In the latest Ethereum update, Fundstrat’s Tom Lee argues that ETH’s next major move will be driven not by retail speculation, but by institutional capital that is already active and building on the network.
In Bitmine’s July Chairman’s letter, Lee highlighted BlackRock’s BUIDL fund, JPMorgan’s MONY platform, and Robinhood Chain as clear evidence that Wall Street has shifted from watching crypto to actively developing on Ethereum’s infrastructure. ETH is currently trading near $1,880, roughly 60% below its 2025 peak around $5,000.
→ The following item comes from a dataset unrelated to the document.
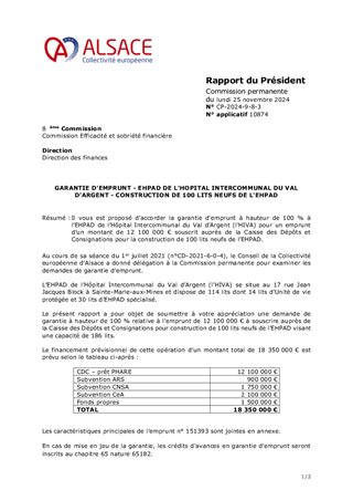 Il vous est proposé d’accorder la garantie d'emprunt à hauteur de 100 % à l’EHPAD de l’Hôpital Intercommunal du Val d’Argent (l’HIVA) pour un emprunt d’un montant de 12 100 000 € souscrit auprès de la Caisse des Dépôts et Consignations pour la construction de 100 lits neufs de l’EHPAD.

Lee believes this gap reflects a transition in market structure rather than a hard cap on price. Earlier cycles driven by ICOs, NFTs, ETFs, and stablecoins have matured, and a new phase is emerging—one led by institutions with longer time horizons and deeper capital pools.
Institutional Build Accelerates
Lee’s thesis is supported by major financial players. BlackRock’s BUIDL, a tokenized U.S. Treasury fund, has grown to about $2.6 billion and earned a top money-market rating from Moody’s.
JPMorgan’s MONY extends the bank’s blockchain push that began with Onyx in 2020, adding another institutional-grade product within Ethereum’s ecosystem.
Developer activity further strengthens the case. Data from Electric Capital shows nearly 6,000 developers working on the Ethereum Virtual Machine (EVM), keeping Ethereum ranked first for new builder activity—an important signal for institutions assessing long-term platform strength.
Lee contrasts this continued institutional expansion with the 2022 bear market, noting that infrastructure growth has persisted even as ETH prices declined sharply. This disconnect between strong on-chain development and weaker price action sits at the core of his thesis.
Robinhood Chain and ETH Utility
Robinhood Chain, launched July 1 on Arbitrum, adds another dimension to the story. Within two weeks, it ranked third in daily decentralized exchange (DEX) volume at roughly $811 million, briefly overtaking Ethereum, according to DefiLlama. Ethereum has since regained the top spot, while total Robinhood Chain volume has surpassed $1 billion.
Lee points to its use of ETH for settlement and fees as a meaningful real-world use case.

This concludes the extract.